Open Versus Laparoscopic Techniques in Treatment of Adrenal Cyst: Review of 19 Cases.

Short Communications


Muftah M. Elgarba, Ahmed Elhefnawy, Hassan Ebolenien, Elhussainy Elzalwy

Department of Surgery, Faculty of Medicine, University of Omar Elmokhtar,Libya

JMJ Vol.7, No.3 (Autumn 2007):221-223


Objective: To study the effectiveness of laparoscopic management of adrenal cyst disease versus open surgery. Introduction: Adrenal cysts are rare benign lesions, mostly asymptomatic and nonfunctioning. Surgery is indicated when the cyst is functioning, the aspirate is haemorrhagic, cyst wall is irregular or if pheochromocytoma is suspected. Patients and Methods: 19 patients were admitted to Mansoura Urology and Nephrology Centre in Egypt between 1982 and 2005 with adrenal cyst disease and indicated adrenalectomy either surgically or laproscopically. Retrospective study on these cases as regarding the presentation, indication of intervention procedure, pre and postoperative complication and follow up. Result: 10 cases had open adrenalectomy and 9 cases had laparoscopic transperitoneal adrenalectomy.

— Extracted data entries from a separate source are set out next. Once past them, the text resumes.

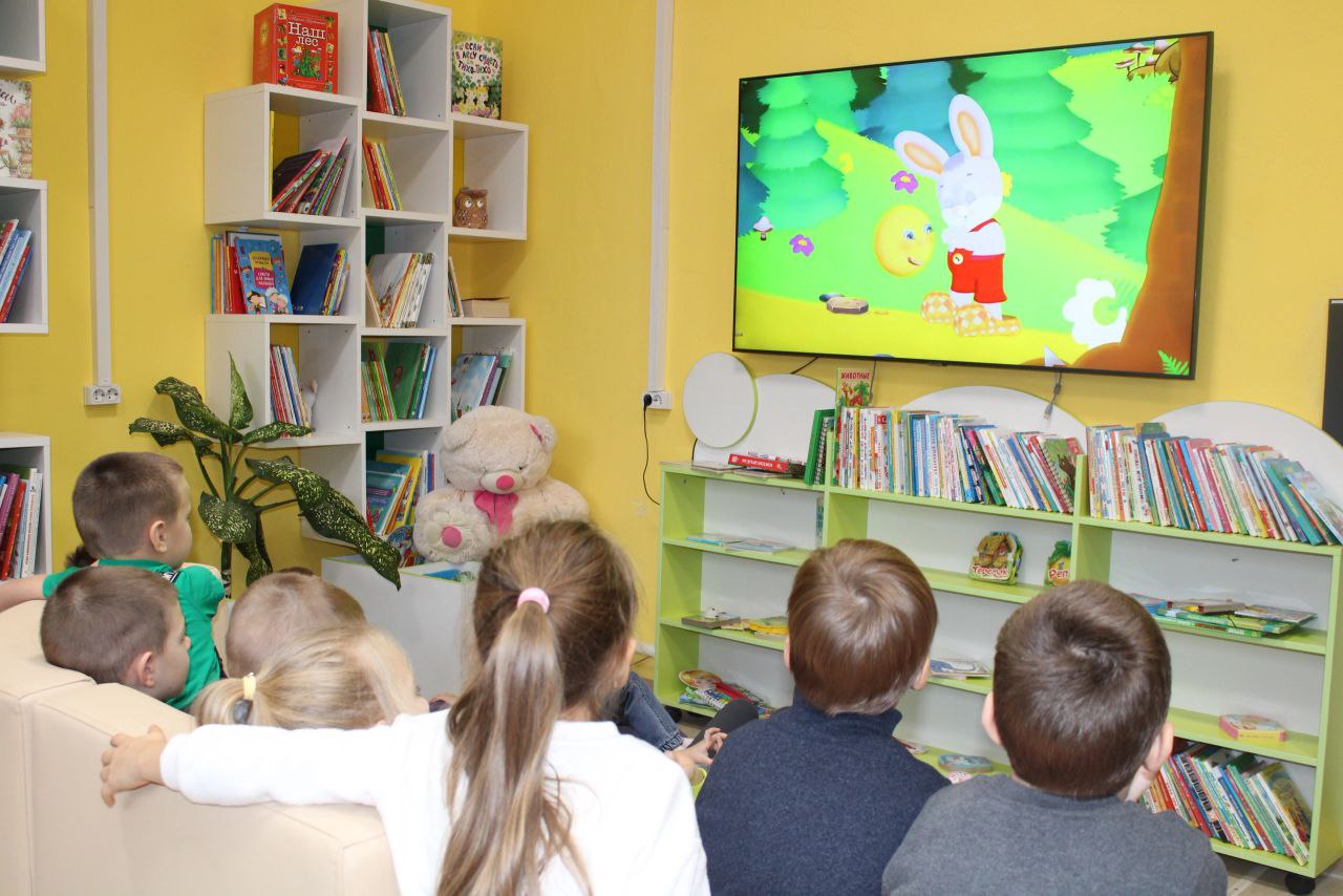 Дети не только получили полезную информацию, какие книги живут на библиотечных полках и где именно искать то или иное издание, но и пообщались с роботом Читайкиным, посмотрели мультфильм.
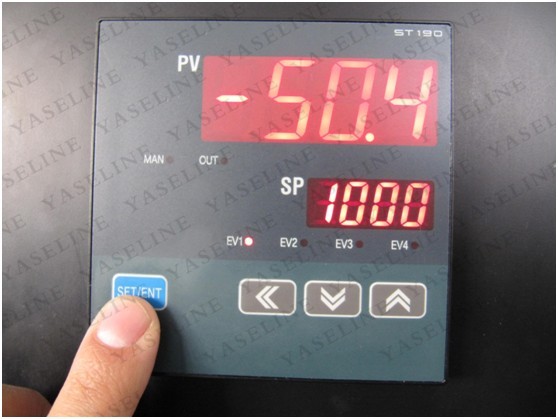 3、打開控制器按“SET/ENT”按鍵,SV顯示值光標(biāo)閃爍,再點擊“上下標(biāo)志圖”,設(shè)定所需溫度,再按“SET/ENT”進(jìn)行確認(rèn)。
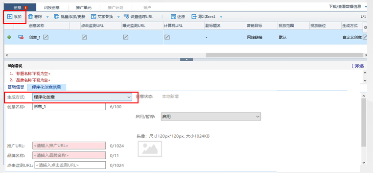 1.填寫程序化創意“基礎信息”:點擊“添加創意”,在編輯區選擇生成方式,請選擇“程序化創意”,在基礎信息編輯區填寫創意名稱、推廣URL等信息。
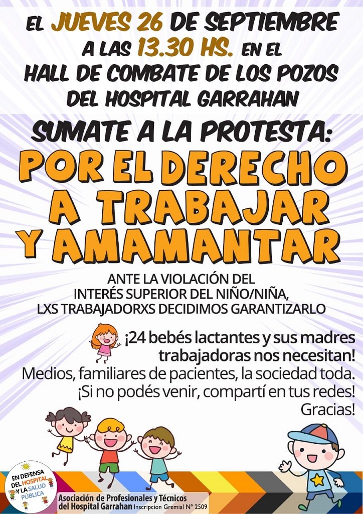 “Las y los trabajadores del Garrahan ya hicimos más de diez sentadas frente a la dirección del hospital, un festival musical ‘por el derecho a amamantar y trabajar’, enviamos una carta documento a Horacio Rodríguez Larreta y presentamos un amparo en la Justicia de la Ciudad Autónoma de Buenos Aires, que recayó en el juez Francisco Ferrer del Juzgado Contencioso Administrativo 23, y seguiremos luchando hasta que amplién el maternal hasta que haya vacantes para todas nuestras compañeras”, finalizó.

The mean cyst size was 9.5± 3.5 cm in the open technique while it was 8.3 ± 3.9 in the laparoscopic technique. Histopathology showed that 10 cases were haemorrhagic pseudocysts and 9 cases were endothelial cysts. The follow up showed that all cases were symptom fee postoperatively without radiological evidence of recurrence. Only one case developed postoperative pulmonary infection and fever after laparoscopic adrenalectomy. Discussion: Haemorrhagic pseudocysts presented 53% , while endothelial cysts presented 47% of cases. 84% of cases presented with ipsilateral upper quadrant abdominal pain. CT scanning succeeded to role out malignancy in 100% of our cases. Conclusion: Laparoscopic adrenalectomy is a safe and effective means of treatment with advantages of less blood loss, more cosmosis and less hospital stay over the open technique.